Config stores the configurations for core layer.

type Entry

type Entry struct {
	Term  uint64
	Index uint64
	Cmd   []byte
	Type  uint8
}

Entry represents one command in log.

func (Entry) String

func (e Entry) String() string

String returns human-readable representation of the entry.

type FSM

type FSM interface {
	// Apply will be called once a command is committed in a Raft group. This callback
	// is called from a single goroutine to ensure that the state updates are applied
	// in the same order as they arrived. Application must apply the command in the
	// callback and can optionally return the result to it so that the one who proposed
	// the command can get the result from Pending.Res.
	//
	// Note that the behavior of the command should be deterministic, otherwise the
	// applications might end up in an inconsistent state.
	Apply(Entry) (result interface{})

	// OnLeadershipChange will be called to notify applications the change of
	// leader status of Raft. 'isLeader' tells application whether it is in
	// leader state or in non-leader state. 'term' tells application the
	// current term of the Raft node. 'leader' tells application the Raft
	// address of the leader node, it will be an empty string if the leader
	// is unknown yet, but once the the leader is known Raft will call this
	// callback with the address of the leader.
	//
	// The term number can be used in an application specific way. For example,
	// it's possible that multiple Raft leaders exist at the same time, but only
	// one leader can be effective, it is because internally Raft uses term
	// number to detect stale leaders, applications who also want one elected
	// primary to intereact with outsiders can also attach term number in their
	// messages so outsiders can use it to detect stale primaries. Another use
	// case is if applications want to implement the logic like read and then
	// modify based on the state which were read, they can also attach the term
	// number in modify command so when modify command is applied applications
	// can compare the term number attached in modify command to the term number
	// of the command itself so if they don't match there might be a potential
	// conflict modification from another leader. By guaranteeing that the term
	// when applications read the state and the term of the command which will
	// modify state machine are the same, there can't be a conflict change from
	// another leader in between.
	OnLeadershipChange(isLeader bool, term uint64, leader string)

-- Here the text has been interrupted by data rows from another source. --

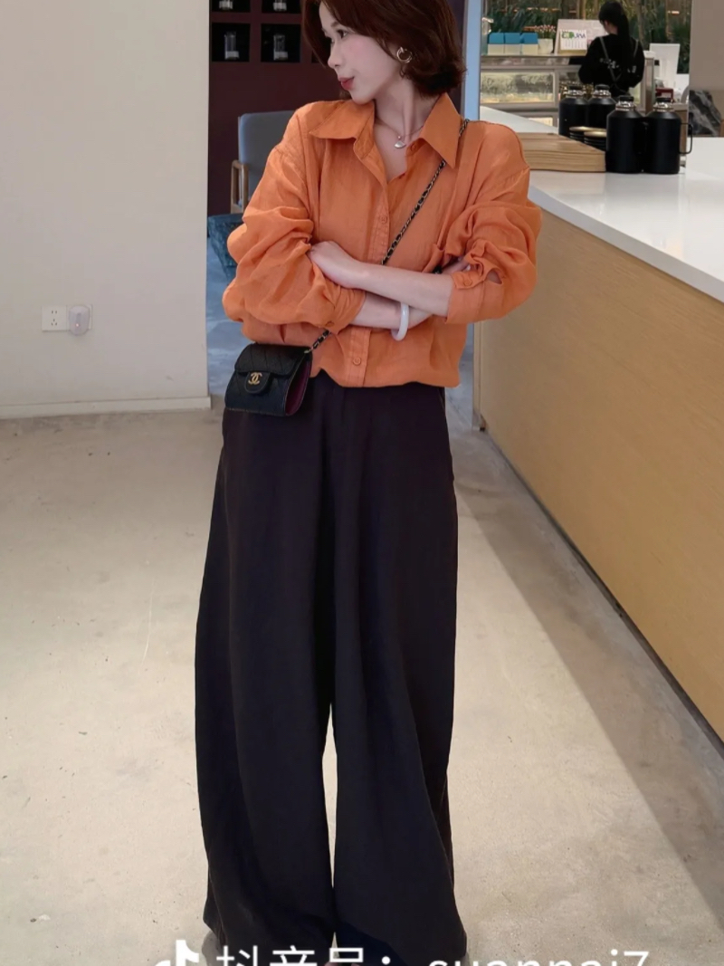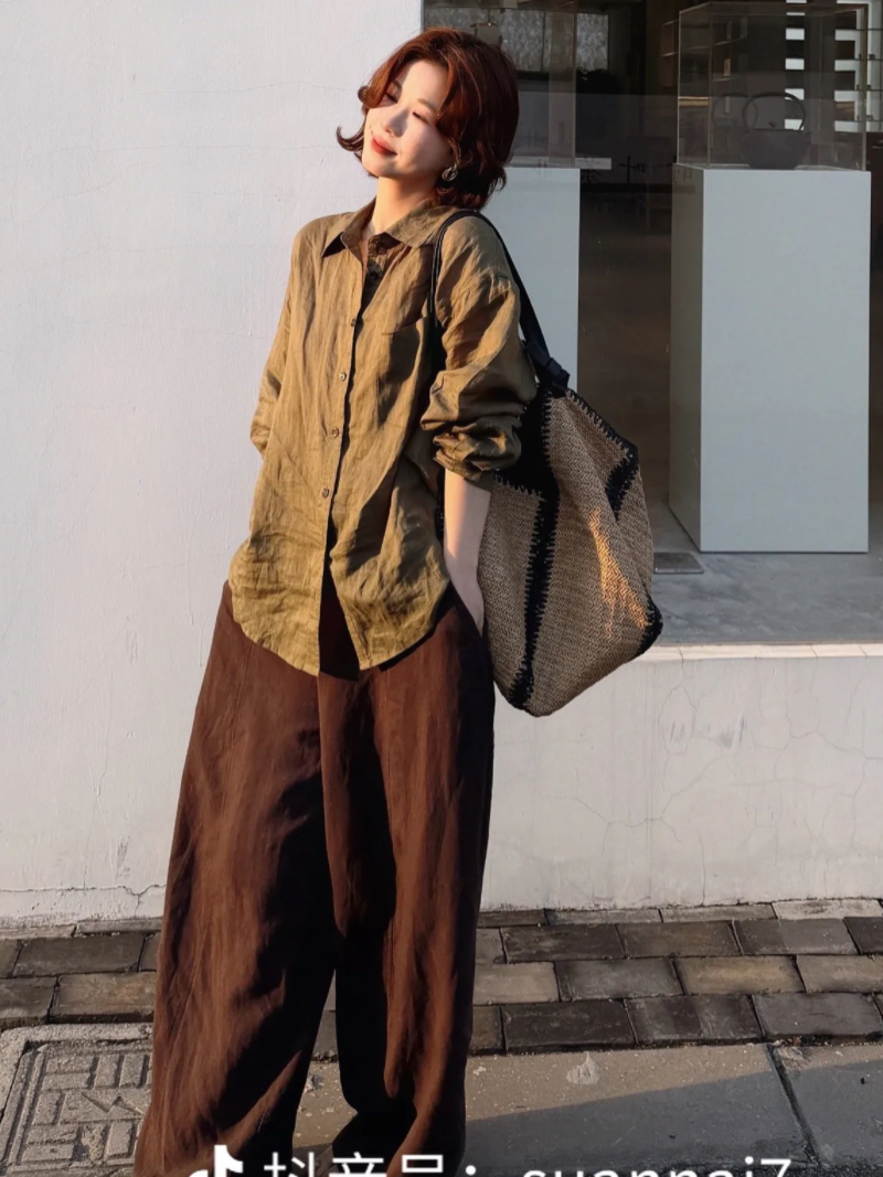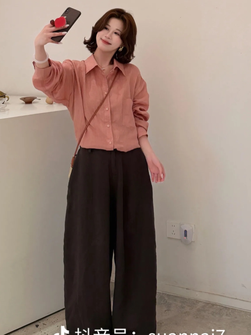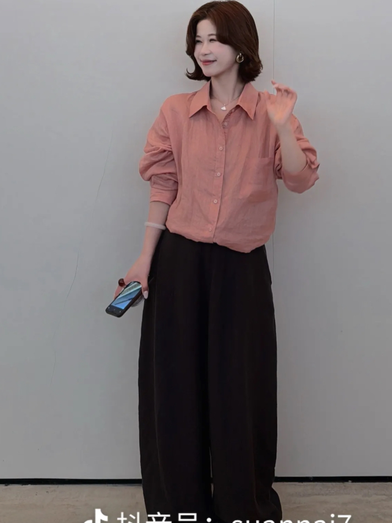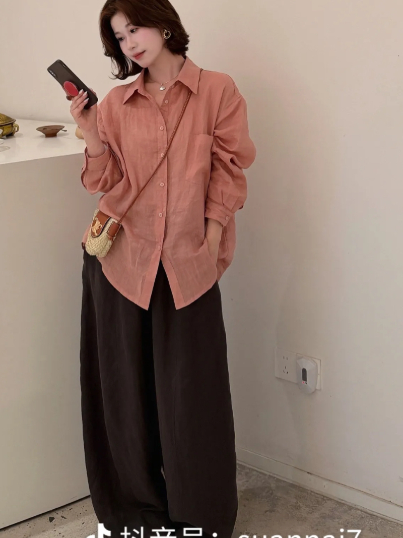 한 세대 라미 높음 포화 상태 신선함 단색 셔츠 느긋한 품격 캐주얼 자외선 차단 재킷 맨위 10 바지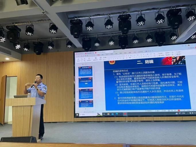 9月2日下午,喻家山派出所的熊警官上了一堂精彩的校园安全教育课。为提高新生的防骗防盗意识,他介绍了几起发生在校园中的真实案件,并播放相关监控录像。他告诫大家不要轻信陌生人,保管好个人财物,切勿投机取巧。最后,同学们纷纷拿起手机,存下24小时报警电话,新生入学教育在一片轻松诙谐的氛围中结束。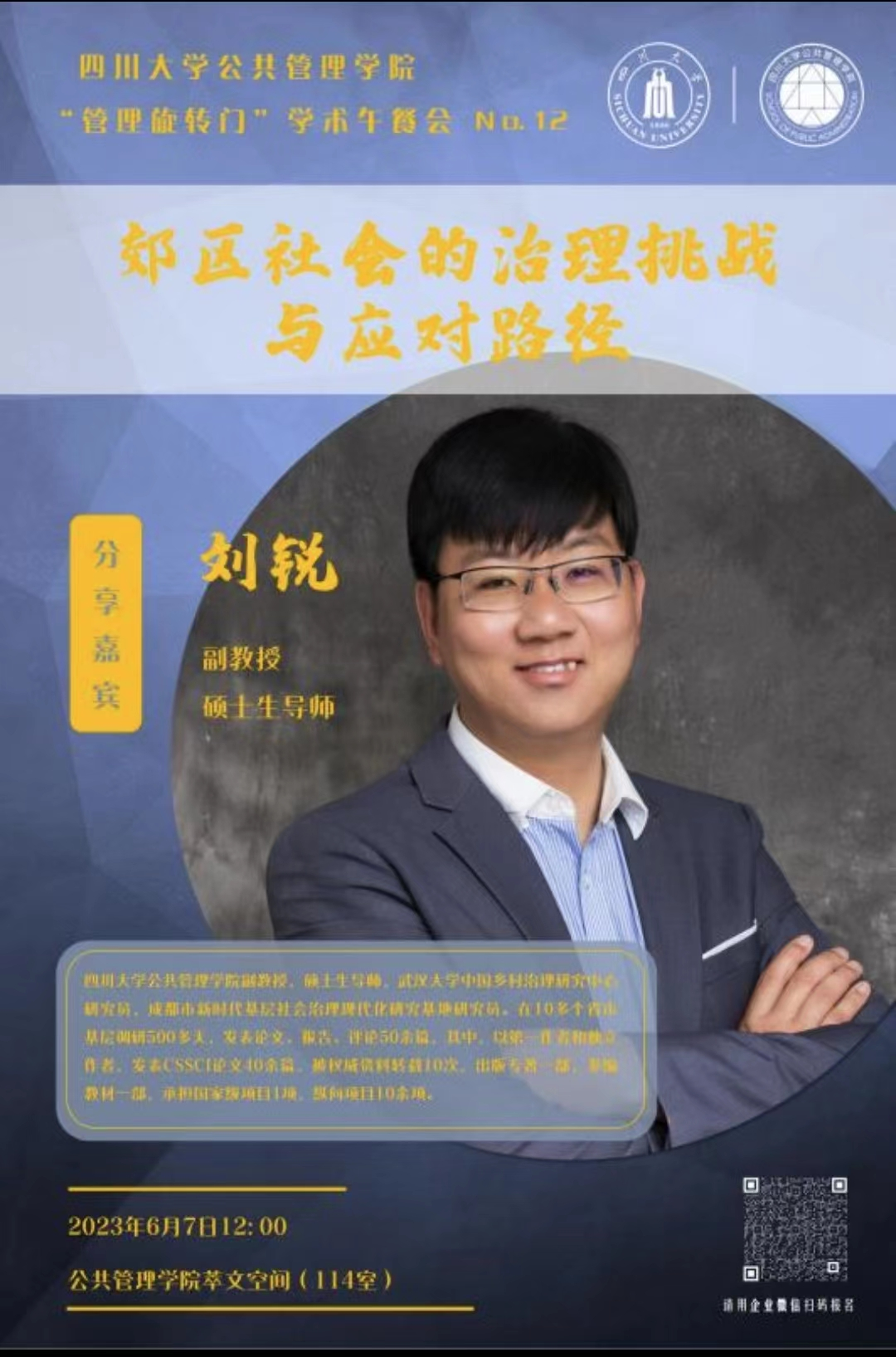 6月7日,PA视讯游戏官网在学院萃文空间成功开展第12期“管理旋转门”学术沙龙活动。本期学术沙龙特邀PA视讯副教授刘锐老师作为主讲嘉宾分享“郊区社会的治理挑战与应对路径”主题。学院领导班子成员、各学科老师、研究生积极参加了此次交流。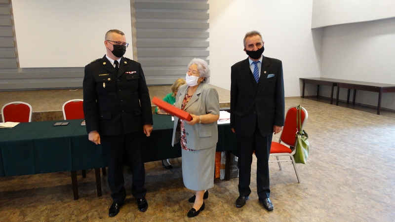 Kol. Irenie Zbylut – (skarbnik ZW od początku powstania) z okazji okrągłej rocznicy urodzin oraz zaangażowania na rzecz naszej organizacji - Prezes ZW wraz z Zastępcą Śląskiego Komendanta Wojewódzkiego wręczyli okolicznościowy ryngraf.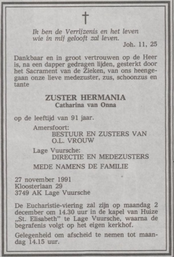 Zuster Hermania overleed op 27 november 1991, 91 jaar oud, in Huize Sint Elisabeth, het verpleeghuis van de congregatie in Lage Vuursche. Op 2 december werd zij begraven op de r.-k. begraafplaats achter Huize Sint Elisabeth.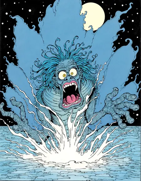 以Gotlib风格绘制的男子阅读报纸时吹气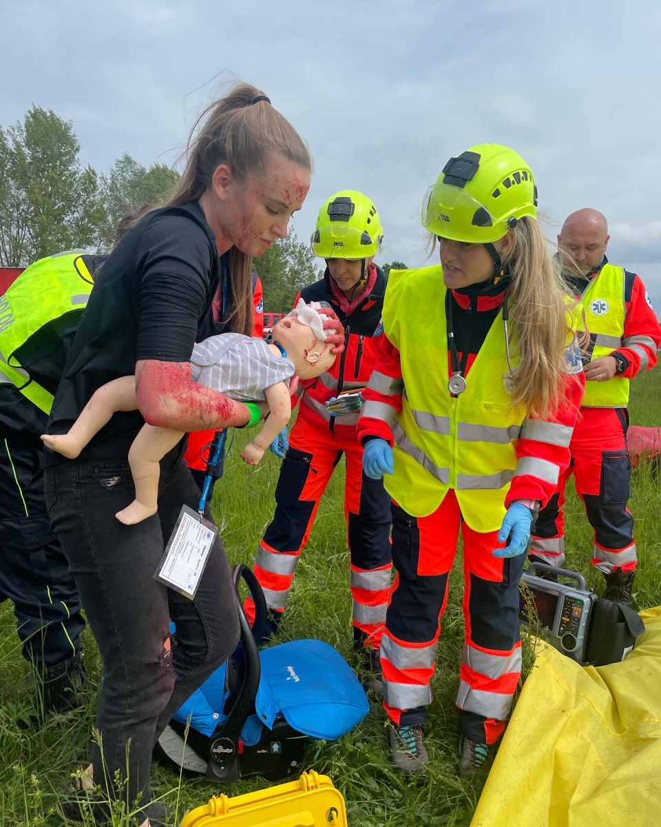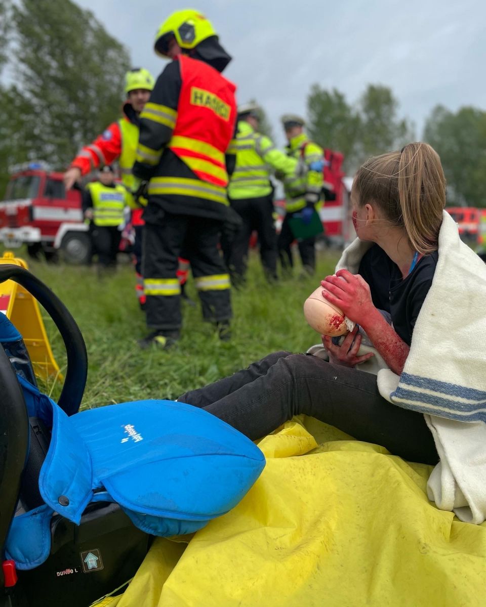 Dopravní nehoda dvou autobusů, tří osobních automobilů a jedné dodávky převážející nebezpečný náklad. Složitá dopravní situace, asi okolo 30 zraněných - mezi nimi i kojenec. Všude křik, pláč.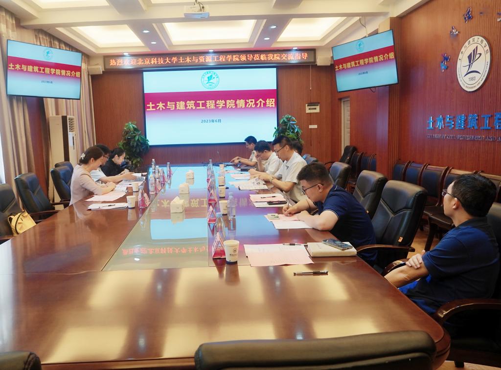 潘旦光助理对耿倩男书记一行表示热烈欢迎,并从办学历史、学科结构、办学规模、专业特色、办学成就、办学目标等方面对学校基本情况作了介绍。钱凯院长围绕我院历史、学科发展等方面简要介绍了学院情况。耿倩男书记介绍了北京科技大学土木与资源工程学院的基本情况,他希望此次交流能增进彼此之间的密切往来,在学科发展、专业建设、人才培养等方面不断深化合作,推动双方学院事业共同发展。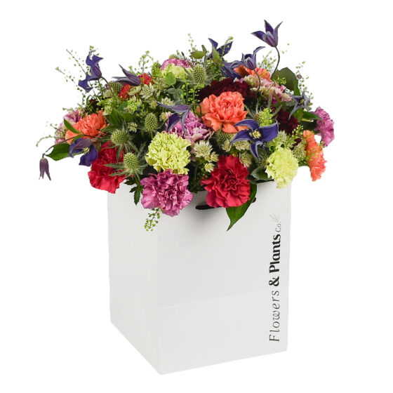 Glowing bouquet, crafted with a medley of vibrant carnations, sure to brighten up any space with its captivating colors. Elevate any special occasion with this stunning and eye-catching arrangement.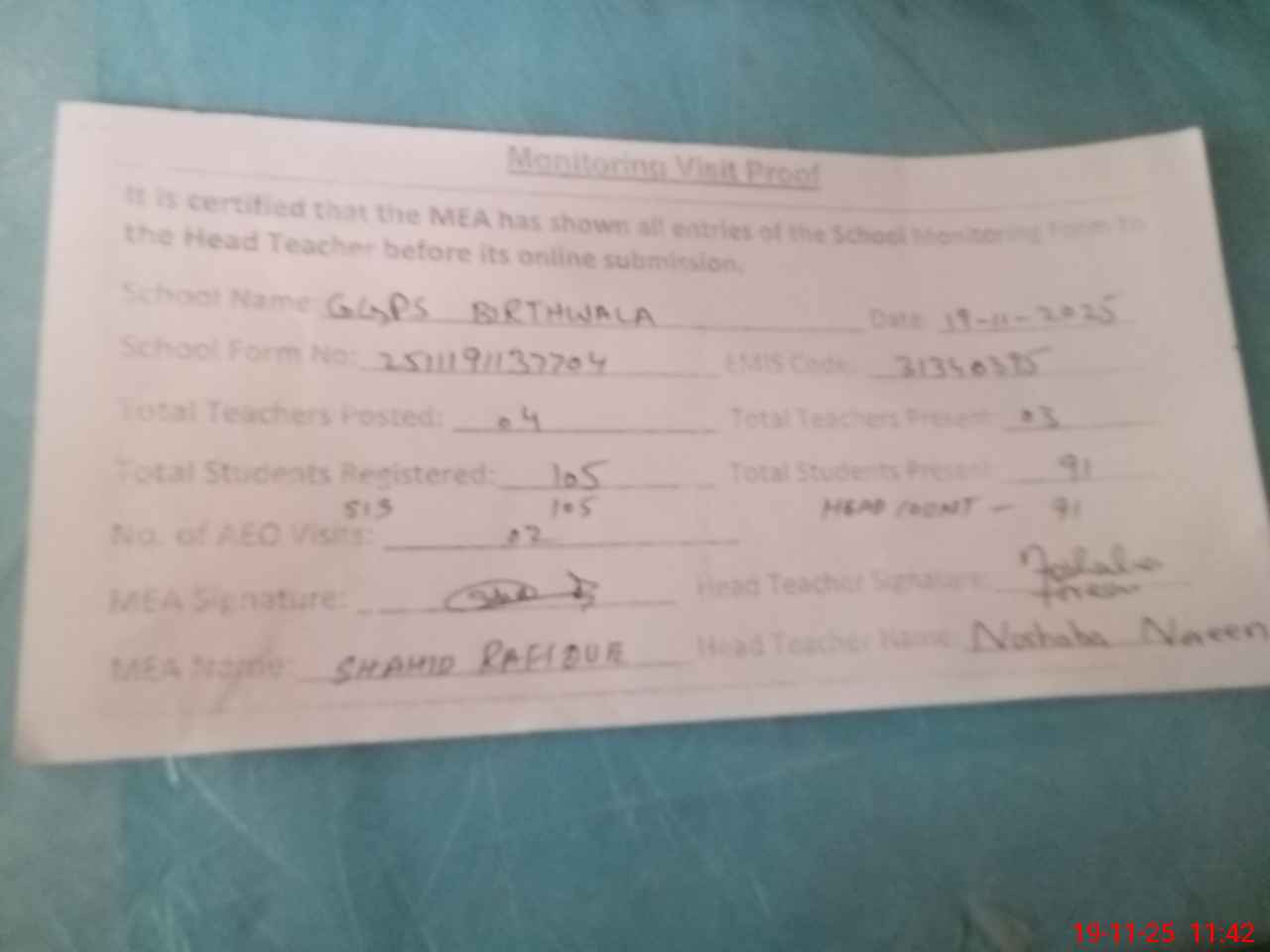| EMIS Code: 31340395 | Name of School: GGPS BIRTHWALA | |||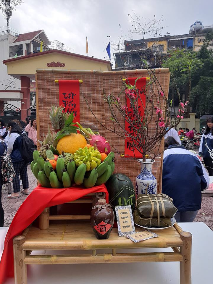 Đúng 9 giờ sáng ngày 30/01, thầy Trần Mạnh Cường, Bí thư Đoàn trường, đại diện cho Ban tổ chức phát biểu khai mạc hội thi, phổ biến các quy định, tiêu chuẩn chấm thi. Trong không khí ấm áp của mùa xuân và sự cổ vũ nồng nhiệt của học sinh toàn trường, 47 đội thi khẩn trương hoàn thiện phần trang trí của mình. Với sự khéo léo và sáng tạo, từ những nguyên vật liệu quen thuộc, các đội dự thi đã mang đến Hội thi nhiều tác phẩm ấn tượng. Những loại quả không chỉ được lựa chọn mang đúng ý nghĩa biểu trưng cho trời, đất, vạn vật giao hòa, cho những ước mong tốt đẹp về năm mới hanh thông, an khang, thịnh vượng mà còn được trang trí rất hài hòa, màu sắc. Bên cạnh đó, những chiếc bánh chưng, những cành đào trang trí đã mang lại không khí Tết cho hội thi. Ban giám khảo đã chọn ra mỗi khối 3 đội thi xuất sắc nhất lọt vào vòng trong để thuyết trình về ý tưởng của mình. Qua phần thuyết trình các em đã thể hiện sự tìm tòi, am hiểu về văn hóa cổ truyền của dân tộc cùng những ý tưởng rất sáng tạo để phát huy bản sắc văn hóa dân tộc trong thời kì hiện đại.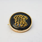 Victorian 9ct Gold, Black-White Enamel, Diamond Set Mourning Brooch Antique c1890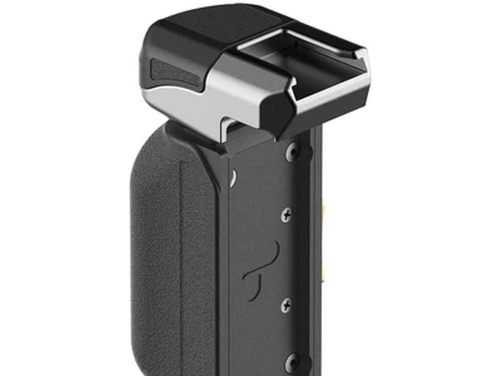 Particularly compatible with the iPhone 14 Pro LiteChaser Pro Case, the PolarPro LiteChaser Pro Grip offers the possibility for easy placement of accessories. Thanks to the integration of a cold shoe mount and a 1/4"-20 attachment, you can effortlessly fasten components such as microphones and lamps to your setup.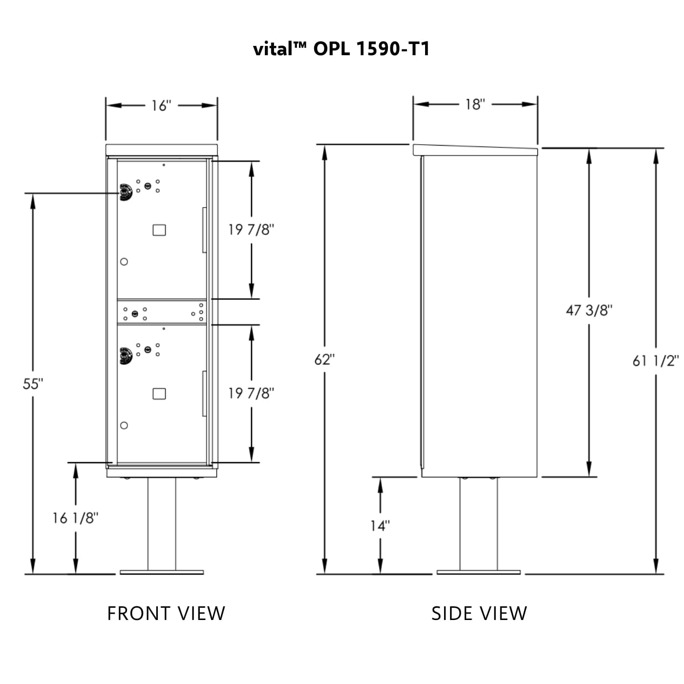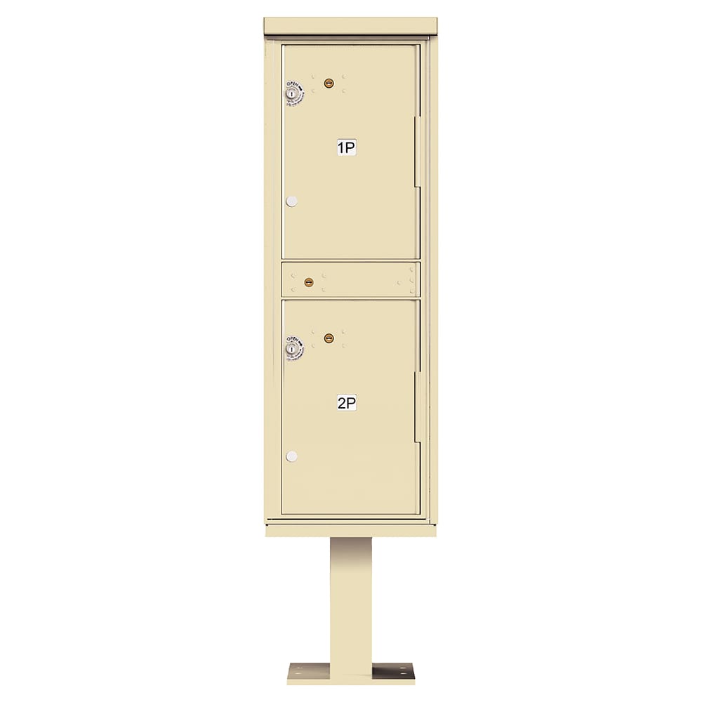 - Front loading, pedestal mounted OPL parcel locker unit includes a carrier access door prepared for a USPS arrow lock (installed by local postal officials)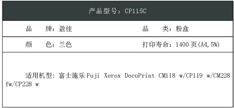 盈佳(Ink Cartridge) YJ-CM118-C 商专版 1400页 适用富士施乐CP118w等 粉盒 (计价单位:只) 蓝色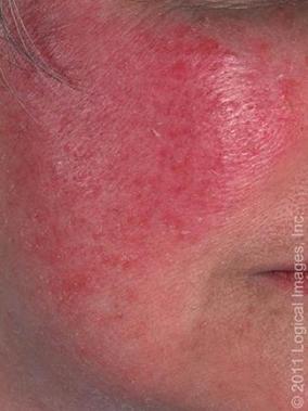 面中部红斑和毛细血管扩张是玫瑰痤疮的常见特征,皮肤潮红是最早出现的症状之一,可能受情绪、热或冷、运动、辛辣或热食及酒精刺激而出现。

	// OnMembershipChange will be called to notify applications of membership
	// changes over time.
	OnMembershipChange(membership Membership)

	// Snapshot is called once a snapshot is needed to be taken to compact log.
	// Applications should return an implementation of "Snapshoter" whose method
	// "Save" will be called to dump the actual state in a different goroutine.
	// The state that will be dumped in "Snapshoter.Save" MUST be the state at
	// the point the callback "Snapshot" is called.
	//
	// Once the "Snapshot" is returned further mutations might be applied in Apply
	// callback. However, these mutations should not affect the state that is
	// being dumped in "Snapshoter.Save".
	//
	// If any erorr is returned no snapshot will be taken.
	Snapshot() (Snapshoter, error)

	// SnapshotRestore is called once applications need to restore its state from
	// snapshot. Once it's called applications need to discard its current state
	// and restore its state from the given reader. Also the index and term number
	// of last applied command to the snapshot is passed to the applications.
	SnapshotRestore(reader io.Reader, lastIndex, lastTerm uint64)
}

FSM is the interface that should be implemented by applications. It contains a list of callbacks which will be called by Raft to notify that certain events happen. NOTE all callbacks of FSM will be called from the same goroutine so that you don't need to worry about race conditions in different callbacks.

type InstallSnapshot

type InstallSnapshot struct {
	// 'term' is provided by BaseMsg.Term
	// 'leaderId' is provied by BaseMsg.From
	BaseMsg

	// The index of last applied command included in this snapshot.
	LastIndex uint64
	// The term of last applied command included in this snapshot.
	LastTerm uint64

	// The latest applied membership change in snapshot.
	Membership Membership

	// The payload of a snapshot.
	//
	// This message must be created with Body pointing to actual payload.
	// Transport is responsible for sending it out on sender side and pointing
	// it to actual payload on receiver side.
	//
	// Body MUST be closed after the messge is sent out on sender side or
	// processed on receiver side.
	Body io.ReadCloser
}

InstallSnapshot will be sent by leader to ship its snapshot to followers.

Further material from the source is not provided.